▸ TASK GOAL:
Leaving out every picture, transcribe the lines from the line that contains "Měkká textilní hračka" to the end of the entries below, both ends included.

—————

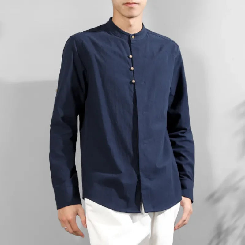 The Harajuku Stand Collar Long Sleeve Slim Fit Solid Color Male Casual Breathable Classical Tops is tailored for the modern man who values both style and comfort. The blend of linen and cotton offers a unique texture and breathability, making it an ideal choice for those who appreciate a lightweight long sleeve shirt. Whether you're looking for a male basic to add to your wardrobe or a versatile piece to elevate your daily look, this shirt is sure to become a staple in your collection.
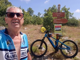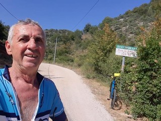 In sella alla nuova bicicletta, Danilo Radaelli, reduce da un incidente ciclistico, ha ripreso a pedalare lungo le strade del Dipartimento delle Alpi Marittime.
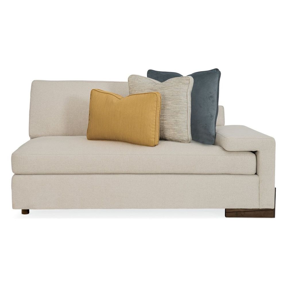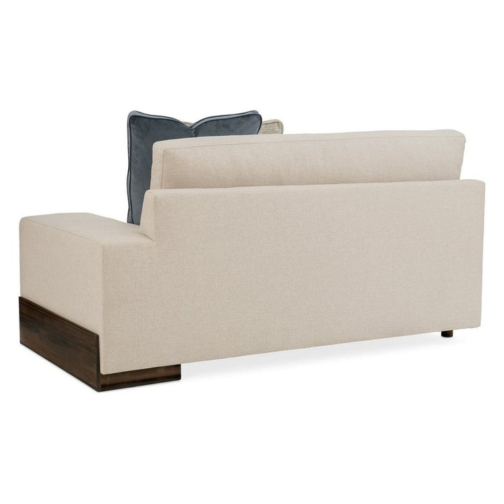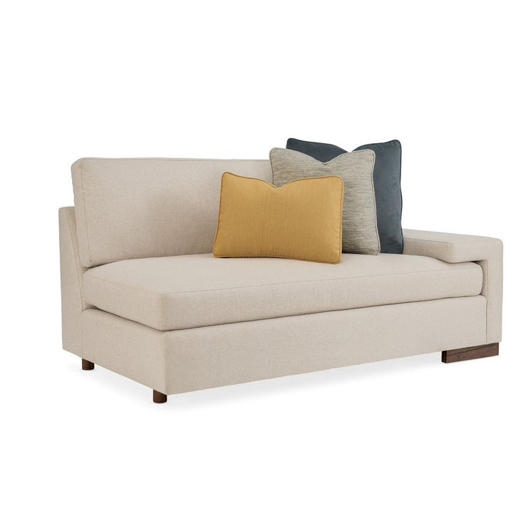 Create a destination in your home with the refined character and comfort of this stunning sectional sofa. Unique by design, its seat cushions nest under a wide shelf-arm creating statement-making style. Destined to be a favorite spot for resting and relaxing, this sectional is upholstered in a neutral, linen-like fabric with a small, modern herringbone pattern. Accent pillows in shades of slate and goldenrod add impact and style. An angular Fumed Gum wood base finished in Smoked Sable cradles the frame and imparts a finishing touch that grounds its design presence.
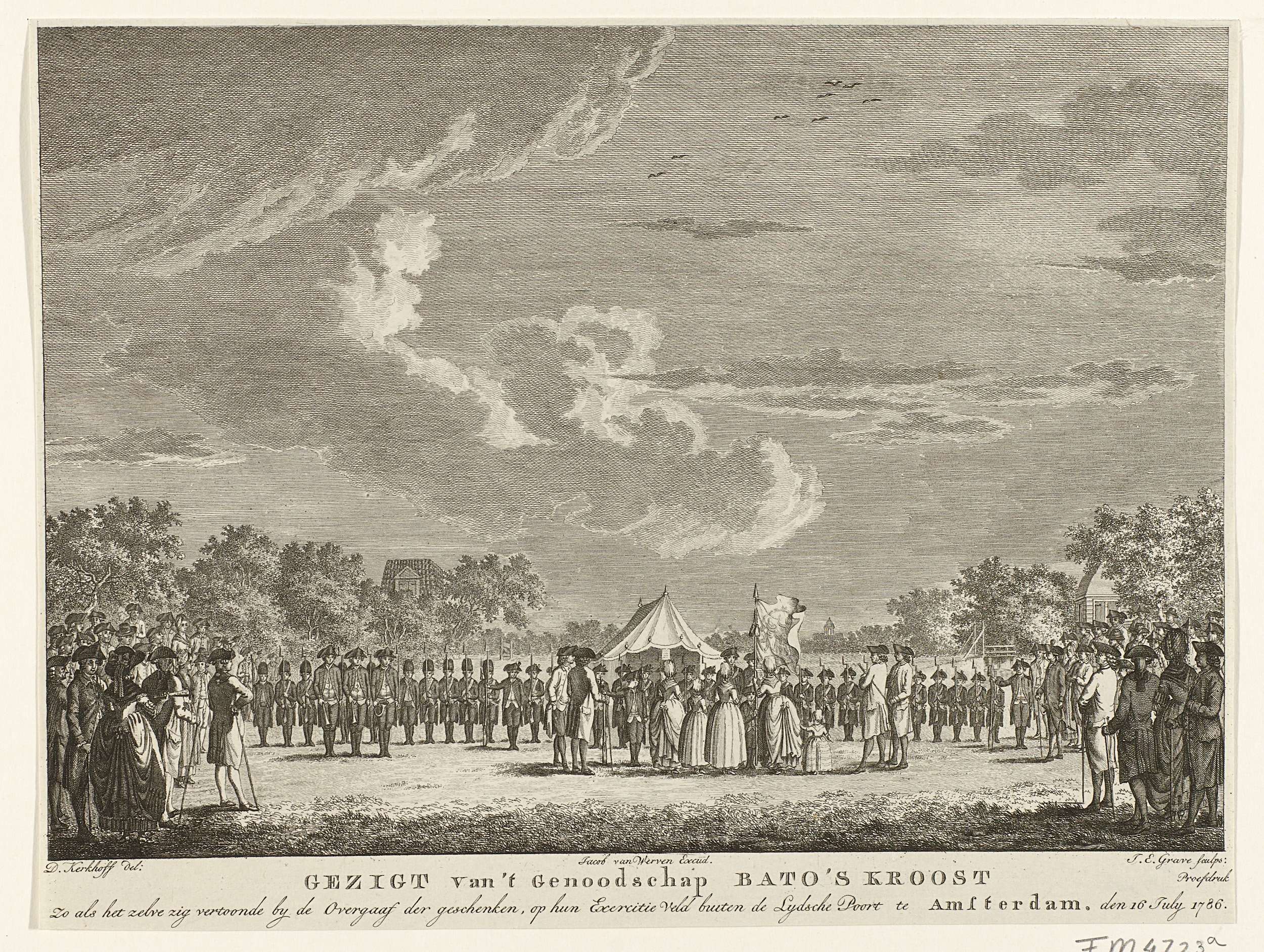 Plechtige overdracht van de geschenken van de vaandel, trom en geweren aan het Amsterdamse exercitiegenootschap Bato's Kroost, op het exercitieterrein buiten de Leidsepoort te Amsterdam, 16 juli 1786. De geschenken aangereikt door enkele dames, donatrices, aan de vaandrigs van de schutterij. Op de achtergrond de opgestelde schutters.
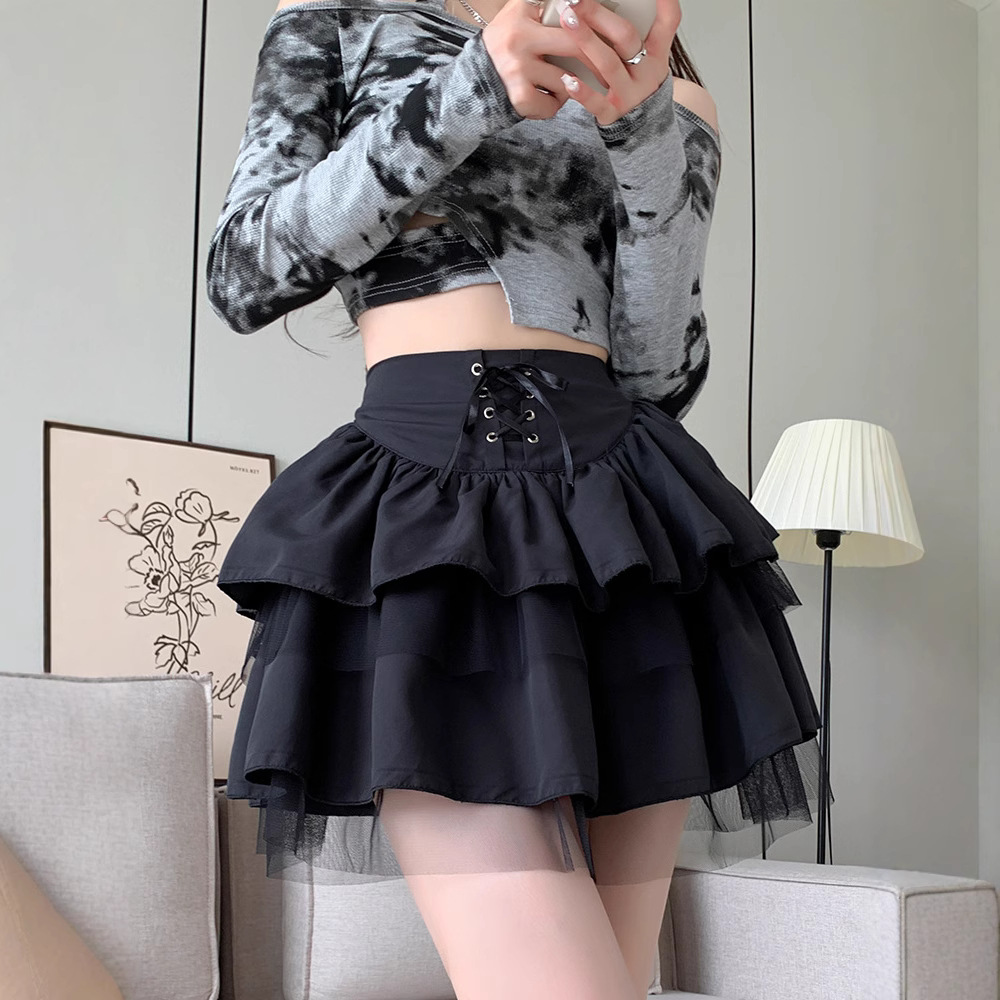 スカート レディース 春秋新作 バレエ風 ふわふわスカート ハイウエスト メッシュ 小柄 黒 レースアップ 和風 JK
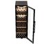 Внутри установлены пять выдвижных полок из массива бука, каждая рассчитана на бережное положение тары и лёгкое извлечение. Полки выдвижного типа удобны при выкладке и при проведении инвентаризации коллекции, а специальная полка для нестандартных бутылок увеличивает гибкость размещения. Возможность установки некоторой тары в вертикальном положении даёт дополнительное место и упрощает хранение бутылок с нестандартной формой. Дополнительная опция полки для фужеров обеспечивает аккуратное хранение бокалов, при этом её монтаж не нарушит основную компоновку.
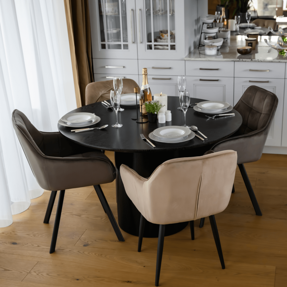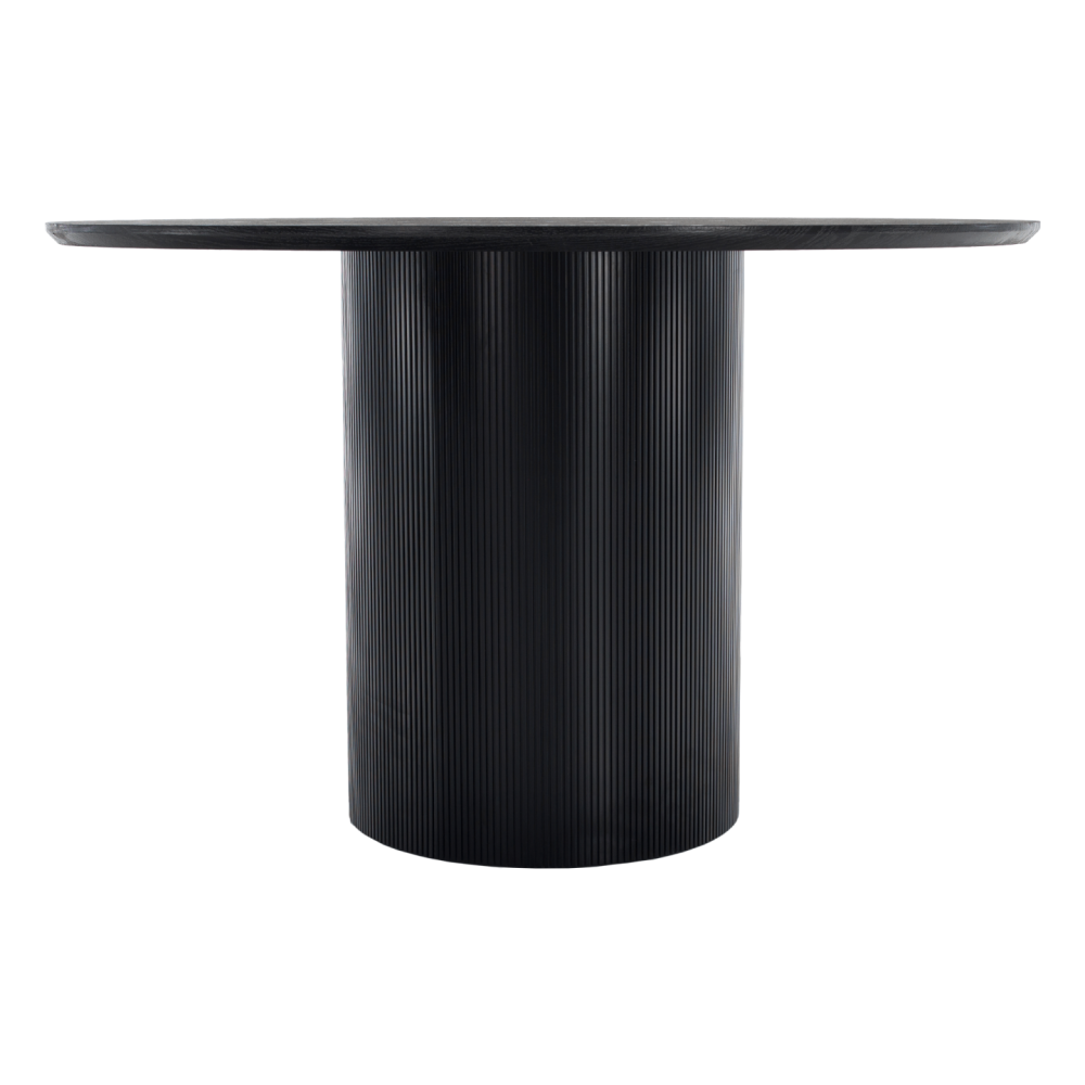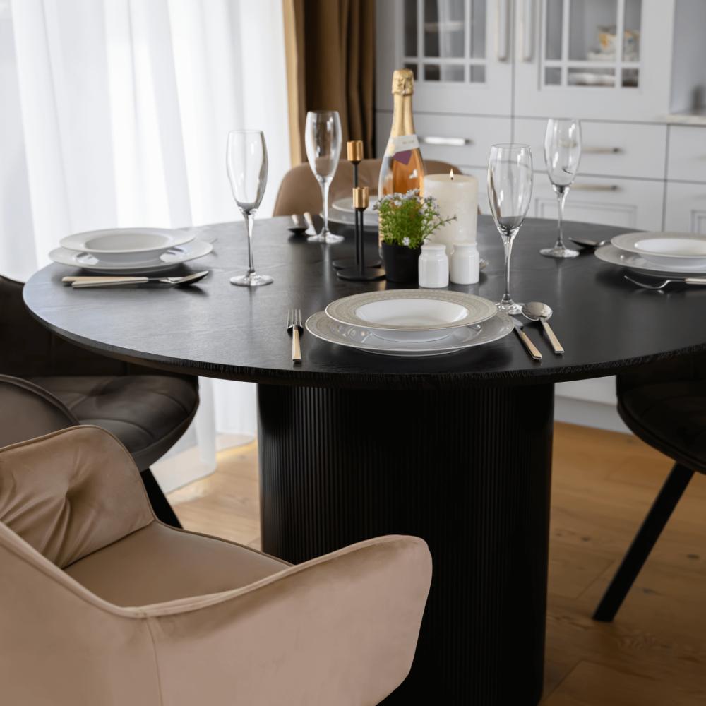 Materiál: dyhovaná MDF Barevné provedení: černá Rozměry stolku (PxV): 120x75 cm Tloušťka platu stolu: 2,5 cm Originální kousek Kulatý Moderní a stylový Nosnost: 50 kg Dodáváno v demontu
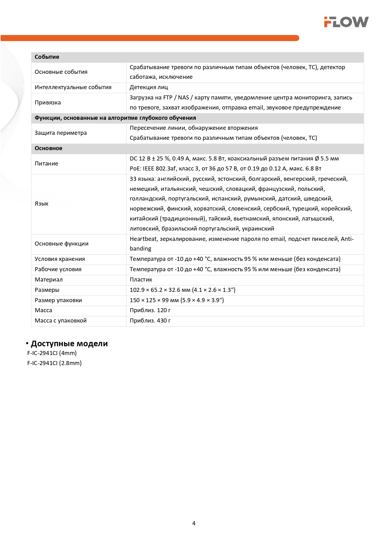 F-IC-2941CI(4mm) 4Мп внутренняя компактная IP-камера c ИК-подсветкой до 10м и технологией SharpSense iFlow; 1/3'' CMOS матрица; объектив 4мм; 2688 × 1520@25к/с; тройной поток; угол обзора 83,7°; механический ИК-фильтр; 0.005 лк @F1.6; H.265+/H.265/H.264+/H.264/MJPEG, WDR 120дБ, 3D DNR, HLC, BLC; ROI, встроенный микрофон/ динамик; PIR-датчик; Smart ИК; microSD 512Гб; TVS, -10°C ...+40°C; PoE ; 0.12кг.
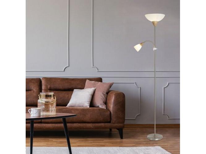 A Diana állólámpa hagyományos stílusával szinte bármely enteriőr praktikus kiegészítője lehet. Elsősorban a nappaliba ajánljuk, ahol elhelyezhetjük egy sarokban, a kanapé mellett, de a hálószobában, az ágy mellett is jó szolgálatot tehet. A fémből készült, szatinkróm lámpatestet egy nagyobb és egy kisebb opál üveg búra egészíti ki. A lámpa két darab, egyenként legfeljebb 40 W teljesítményű fényforrással használható. A nagyobb búra alatt egy E27-es foglalat bújik meg, melybe G45-ös típusú fényforrást ajánlunk. Az olvasókarhoz tartozó fényforrás foglalata E14-es típusú. Az állólámpa búrájának átmérője 285 mm, az olvasókar kinyúlása 300 mm, a lámpa teljes magassága 1775 mm. A vezetékes kapcsolóval szerelt Diana lámpát fényforrás nélkül szállítjuk.
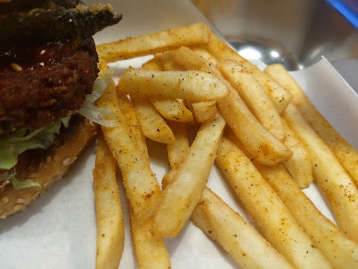 Read moreSo I've been looking forward to this veggie burger for a week. A week of fasting. This burger is on several best veggie Berger list of Chiang Mai. And I'm going to tear into it. Like a rabid rabbit. So presentation. 10 out of 10. Looks exactly like the picture perfect burger. And it's served that way. I was impressed. Now what about what's on it. It comes stacked from the bottom shredded ice Berg lettuce, tomatoes, bean beet based Patty, sauce and two breaded deep fried seaweed strips. And of course the seasame seed bun. Now how does it taste. Pretty good. It doesn't blow me away. But it's really decent. The seaweed I thought would overpower the taste, but it doesn't. It gives a nice crunch, and only a slight after taste if you pay attention. The party itself actually has a nice char, and beets give it a good color, but even though it has a crispy outer char it's still a bit too mushy. And makes for somewhat precarious eating. As for the sides. I got the included straight up french fries. And they were really good and seasoned well. My only complaint here would be for 180 baht. I'd like to see double the amount. But I can't get everything. Extra fries also have a heavy price tag of 90 to 150 bhat. So I feel like this burger rates up on scale of all time veggie burgers I've had. On that scale I'm going give in a 7.5. I'd give it a 8 with more fries. I'd say other places I've had here rank 8 to 9. None...
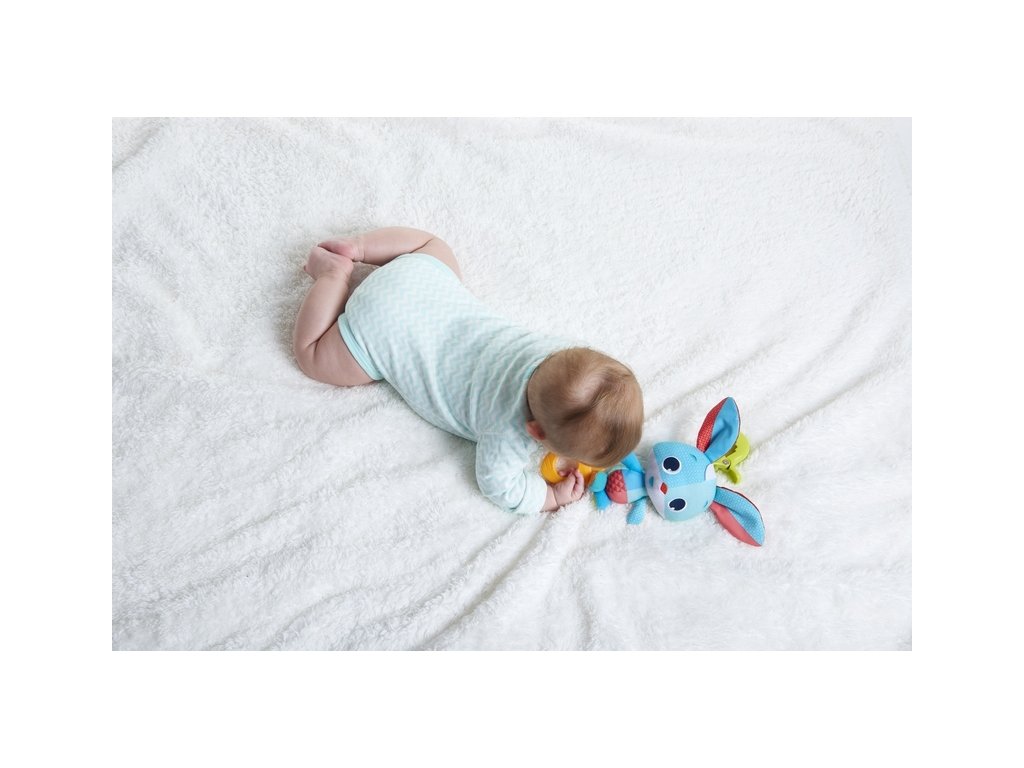 Měkká textilní hračka Tiny Love v podobě veselého králíčka chrastí a šustí a po natažení vibruje. Součástí hračky je i kousátko, které pomáhá ulevit citlivým dásním dítěte při prořezávání prvních zoubků.
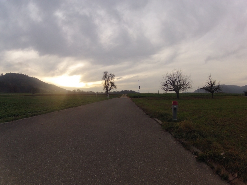 Es war schon Nachmittag, die ersten und einzigen Sonnenstrahlen setzten sich gerade gegen den Hochnebel durch, als ich mich auf den Renner setzte. Nach der gestrigen, eher flachen Fahrt, wollte ich heute eher Höhenmeter kurbeln. Dazu eignen sich ja unsere Hausberge rundherum bestens.

—————

▸ ANSWER SPACE:
 Měkká textilní hračka Tiny Love v podobě veselého králíčka chrastí a šustí a po natažení vibruje. Součástí hračky je i kousátko, které pomáhá ulevit citlivým dásním dítěte při prořezávání prvních zoubků.
 Es war schon Nachmittag, die ersten und einzigen Sonnenstrahlen setzten sich gerade gegen den Hochnebel durch, als ich mich auf den Renner setzte. Nach der gestrigen, eher flachen Fahrt, wollte ich heute eher Höhenmeter kurbeln. Dazu eignen sich ja unsere Hausberge rundherum bestens.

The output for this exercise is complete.